Вылазка эта остается необъяснимой загадкой. Лишь самая малая часть осажденных принимала в ней участие. Главное их ядро во главе с Тэрнбуллом, несомненно, все еще отсиживается в Пэмп-стрит. Подобного рода вылазки были вполне естественной вещью в большинстве известных истории осад, как, например, осада Парижа в 1870 году, ибо осажденные всегда рассчитывали на какую-то помощь извне. Но на что они рассчитывают в данном случае? Вэйн знает (а если он так основательно сошел с ума, что не знает вообще ничего, то уж Тэрнбулл, во всяком случае, не может не знать), что помощи им ждать решительно неоткуда, что подавляющее большинство здравомыслящих лондонцев относится к его смехотворному патриотизму с тем же презрением, с каким оно относится к породившему этот патриотизм безумию — безумию нашего злополучного короля. Что в данный момент делают Вэйн и его всадники, покрыто мраком неизвестности.

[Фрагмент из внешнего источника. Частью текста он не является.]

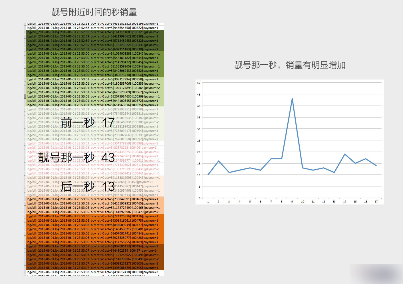 觀察BigBang二期的數據發現,以第一個靚號"No.100426"為例,在這個靚號購買的那一秒,銷量有非常明顯的增加。

Здесь господствует мнение, что он попросту оказался предателем и бросил осажденных на произвол судьбы. Но все эти мелкие и более или менее разрешимые загадки бледнеют перед загадкой такой же мелкой, но абсолютно неразрешимой: откуда они достали лошадей?

Позднее. Странные слухи дошли до меня. Оказывается, генерал Тэрнбулл, этот замечательный человек, правящий Пэмп-стрит в отсутствие Вэйна, утром накануне объявления войны набрал огромное количество уличных мальчишек, дал им по полкроны на брата и приказал нанять все кебы Лондона. В Пэмп-стрит было доставлено не менее ста шестидесяти кебов, немедленно реквизированных военными властями. Кучера были отпущены, кебы использованы для баррикад, а лошади задержаны в Пэмп-стрит, где их в течение нескольких дней кормили и муштровали, пока они не оказались достаточно подготовленными к этой бешеной скачке по городу. Если это так — а источник моей информации заслуживает всяческого доверия, — то история вылазки ясна. Но тем более необъяснимой остается ее цель.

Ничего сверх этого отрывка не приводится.